▶ **Your goal**
The material below holds pictures, which are to be left out; copy exactly the lines from the one with "Klar glas karaffel" through the one with "Pil og hak hvidløgene, steg".

▶ **Data listing**
-*-*-
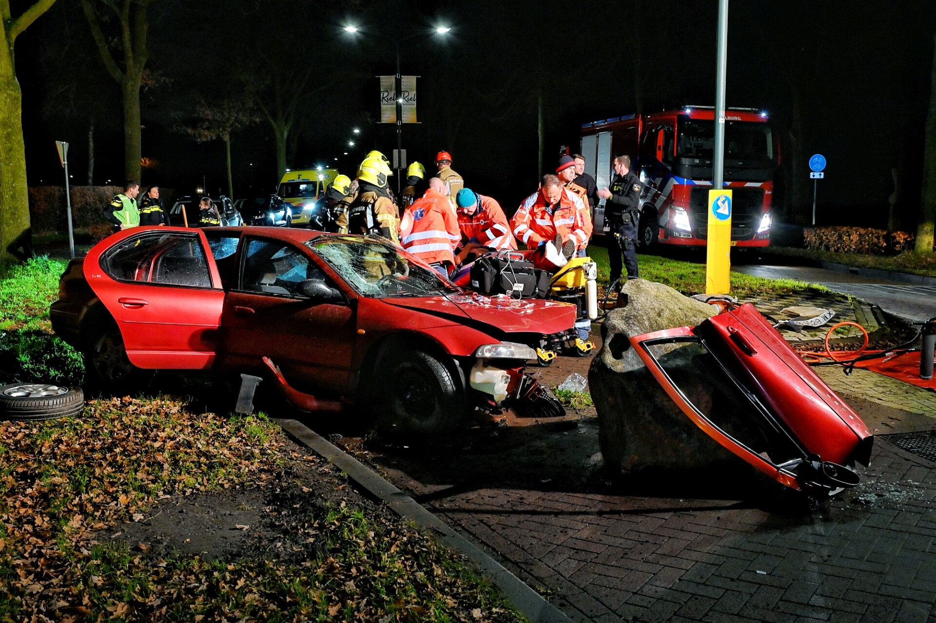 De weg is afgesloten voor onderzoek. Een bedrijf wordt ingeschakeld om de zware kei van de weg te verwijderen, en een bergingsbedrijf is onderweg om de auto af te voeren. De politie onderzoekt de toedracht van het ongeval.
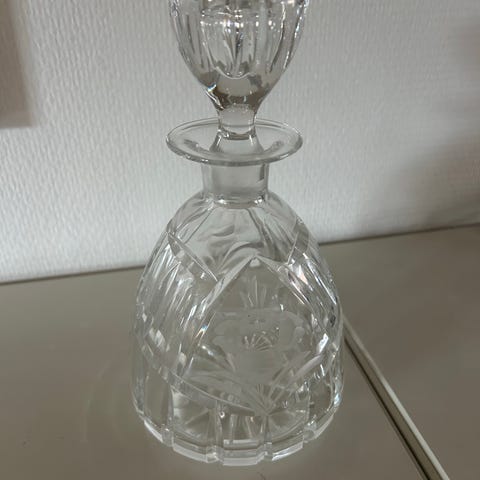 Klar glas karaffel med slibninger og matchende glasprop. Karaffelen har konisk form med dekoreret bund og mønster i glasset. Velegnet til servering og opbevaring af fx vin eller spiritus.
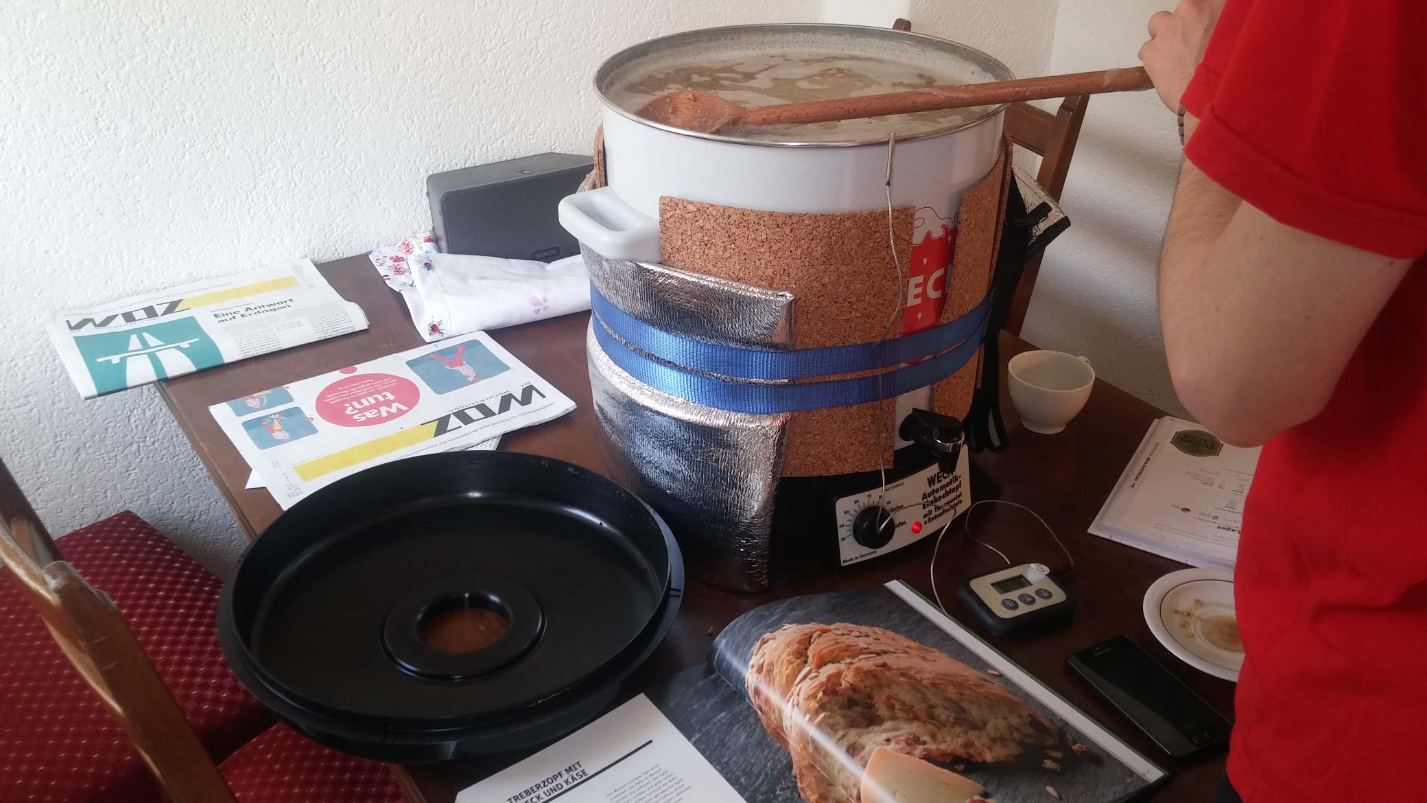 - Stammwürze war leider nur 17°P, angedacht waren 18.5°P. Entweder hätte ich bei 6 kg Malz auf 23 l Wasser die Rastzeiten verlängern müssen, oder länger kochen müssen. Das Mostfass hat ein schönes Jäckchen bekommen, damit schön dunkel ist. Evtl. schneidere ich mir eine Burka für das Fass (Aussen Weiss gegen Wärmeaufnahme, innen Schwarz wegen der Dunkelheit) damit ich keine alten Kleider verwenden muss.
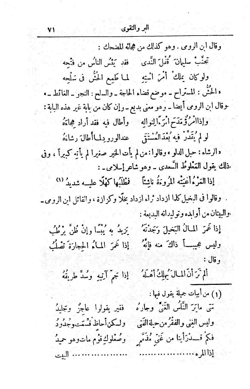 ألم تَرَ أنَّ المالَ يُهلِكُ أهْلَهُ ... إذا جَمّ آتِيهِ وسُدَّ طريقُهُ
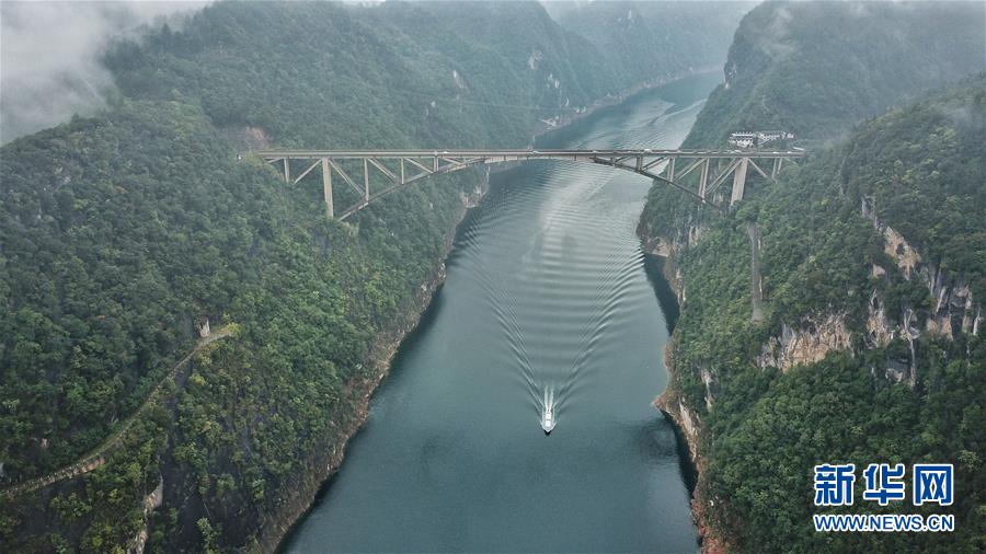 10月18日無人機航拍的江界河大橋。 當日,位于貴州甕安縣的江界河大橋云霧環(huán)繞,景美如畫。 新華社記者歐東衢攝
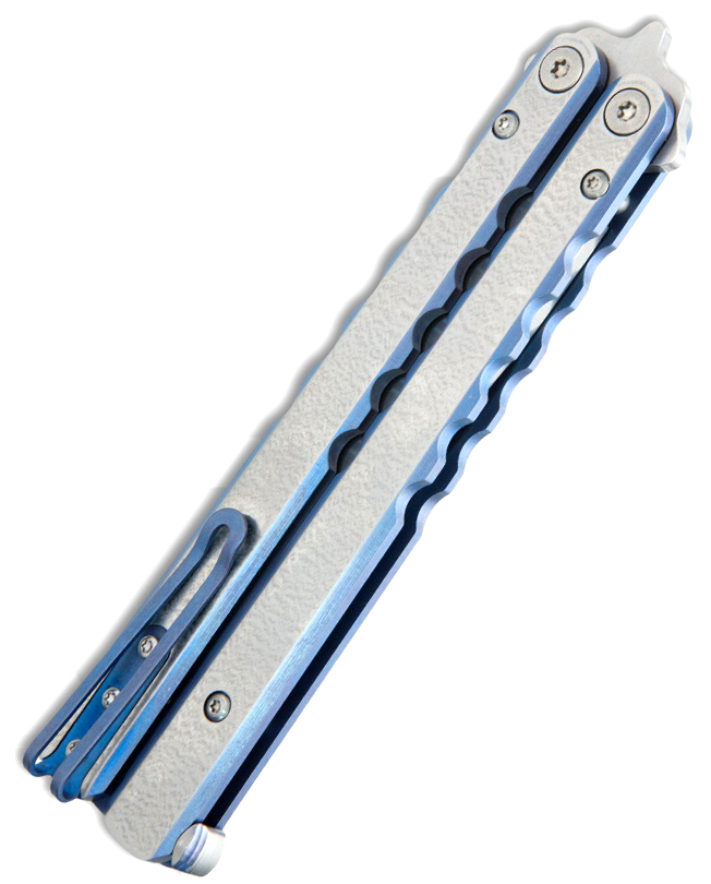 Solid 6AL4V titanium frame with silver orange peel finished flats and a light blue color on the edges. Stonewash finish 154-CM stainless steel blade. Matching titanium latch and pocket clip. Limited Edition. Brand new in handsome black display box.
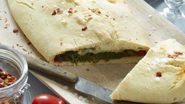 Pil og hak hvidløgene, steg dem i olie og tilsæt spinaten. Dræn og smag til med salt og peber. Del pizzadejen i 2 eller 3 boller, rul ud og smør tomatsovs på halvdelen af hver cirkel. Læg spinaten over og læg mozzarellaskiver øverst. Fold dejen over og tryk kanten sammen. Bag pizzaerne ved 225º i 25 min.
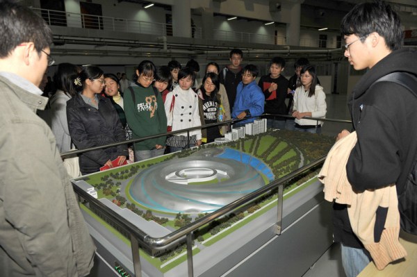 2009年11月3日下午,复旦大学核科学系、物理系、化学系共180名学生来到中科院上海应用物理所张江园区。上海应用物理所李燕副所长致欢迎辞,介绍了上海应用物理所的基本情况及发展前景,欢迎复旦学子有机会到我所工作或读研。随后,上海光源工程总经理徐洪杰研究员为学生们作了题为“上海光源与核技术”的报告。介绍了“核能源”、“辐射加工技术”、“放射性药物”、“离子束分析”及“同步辐射”等核技术相关的专业知识,并详细介绍了上海光源从立项到建成所经历的各个阶段工作。报告结束后,学生们分批现场参观了上海光源国家重大科学工程。
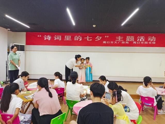 • 七夕今宵看碧霄,牽牛織女渡河橋。8月20日,一場別開生面的“詩詞里的七夕”主題活動在周口市圖書館青少年活動中心舉行。書香覓詩詞、同心題詩詞、粘土畫詩詞……參與的孩子在詩情畫意中感受到中華傳統(tǒng)節(jié)日的內(nèi)涵。
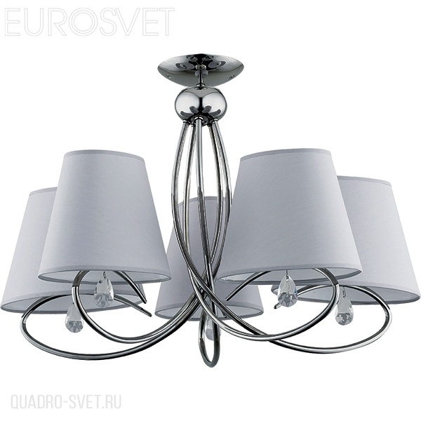 металла цвета хром. Поверхность арматуры глянцевая. Плафон изготовлен из текстиля серого цвета. Декоративные элементы выполнены из хрусталя. Осветительный прибор рассчитан на освещение пространства площадью 16 кв. м. Тип цоколя используемых ламп E14. Производитель рекомендует использовать лампы мощностью не более 40 Вт. Суммарная мощность светильника составляет 200 Вт. Лампочки в комплект не входят. Защита от попадания влаги и пыли внутрь изделия не предусмотрена. Рекомендуем к применению в гостиной, спальне, прихожей, кабинете.
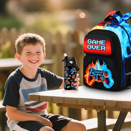 Bevalsa Kids Backpack for Boys with 14oz Insulated Bottle, School Bags for Kids & BPA-FREE Stainless Steel Metal Bottle with Straw Lid for Elementary Middle School Student (Flame) 6
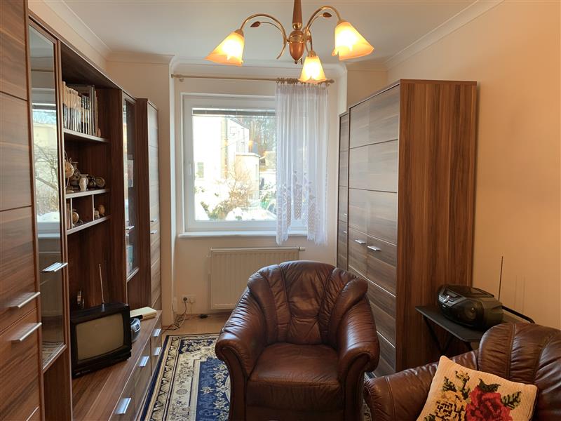- dwóch sypialni z ekspozycją okien na północny zachód. Powierzchnie pokoi: 11, 2 m2 oraz 22 m2 (możliwość podziału na dwa mniejsze pokoje, w pomieszczeniu znajdują się dwa okna, w tym jedno balkonowe), Większa sypialnia mieści dużą szafę typu komandor z rozsuwanymi drzwiami z lustrem.
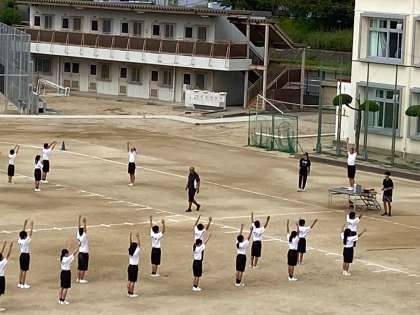 25日に体育大会を控え、体育の時間に学年練習が始まっています。
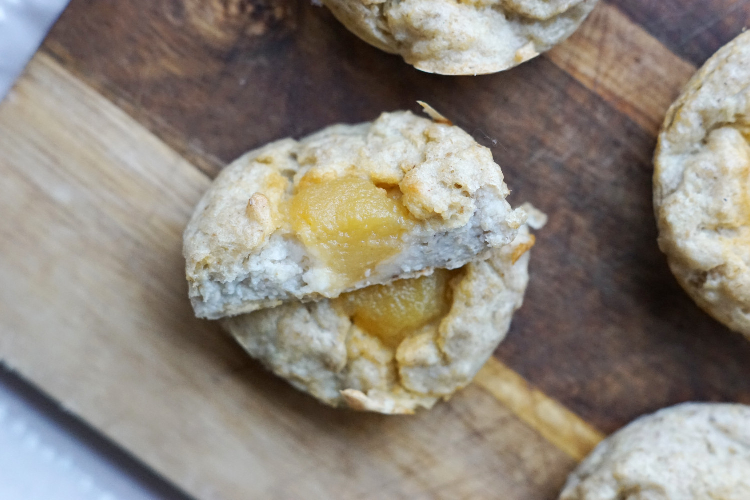 Jeg giver dem en klat frugtmos i midten. Brug bare en af de der købe-smoothies (denne er den billige fra REMA 1000 med æble). Den er også nem at dosere mosen med.
-*-*-
▶ **Response area**
 Klar glas karaffel med slibninger og matchende glasprop. Karaffelen har konisk form med dekoreret bund og mønster i glasset. Velegnet til servering og opbevaring af fx vin eller spiritus.
 - Stammwürze war leider nur 17°P, angedacht waren 18.5°P. Entweder hätte ich bei 6 kg Malz auf 23 l Wasser die Rastzeiten verlängern müssen, oder länger kochen müssen. Das Mostfass hat ein schönes Jäckchen bekommen, damit schön dunkel ist. Evtl. schneidere ich mir eine Burka für das Fass (Aussen Weiss gegen Wärmeaufnahme, innen Schwarz wegen der Dunkelheit) damit ich keine alten Kleider verwenden muss.
 ألم تَرَ أنَّ المالَ يُهلِكُ أهْلَهُ ... إذا جَمّ آتِيهِ وسُدَّ طريقُهُ
 10月18日無人機航拍的江界河大橋。 當日,位于貴州甕安縣的江界河大橋云霧環(huán)繞,景美如畫。 新華社記者歐東衢攝
 Solid 6AL4V titanium frame with silver orange peel finished flats and a light blue color on the edges. Stonewash finish 154-CM stainless steel blade. Matching titanium latch and pocket clip. Limited Edition. Brand new in handsome black display box.
 Pil og hak hvidløgene, steg dem i olie og tilsæt spinaten. Dræn og smag til med salt og peber. Del pizzadejen i 2 eller 3 boller, rul ud og smør tomatsovs på halvdelen af hver cirkel. Læg spinaten over og læg mozzarellaskiver øverst. Fold dejen over og tryk kanten sammen. Bag pizzaerne ved 225º i 25 min.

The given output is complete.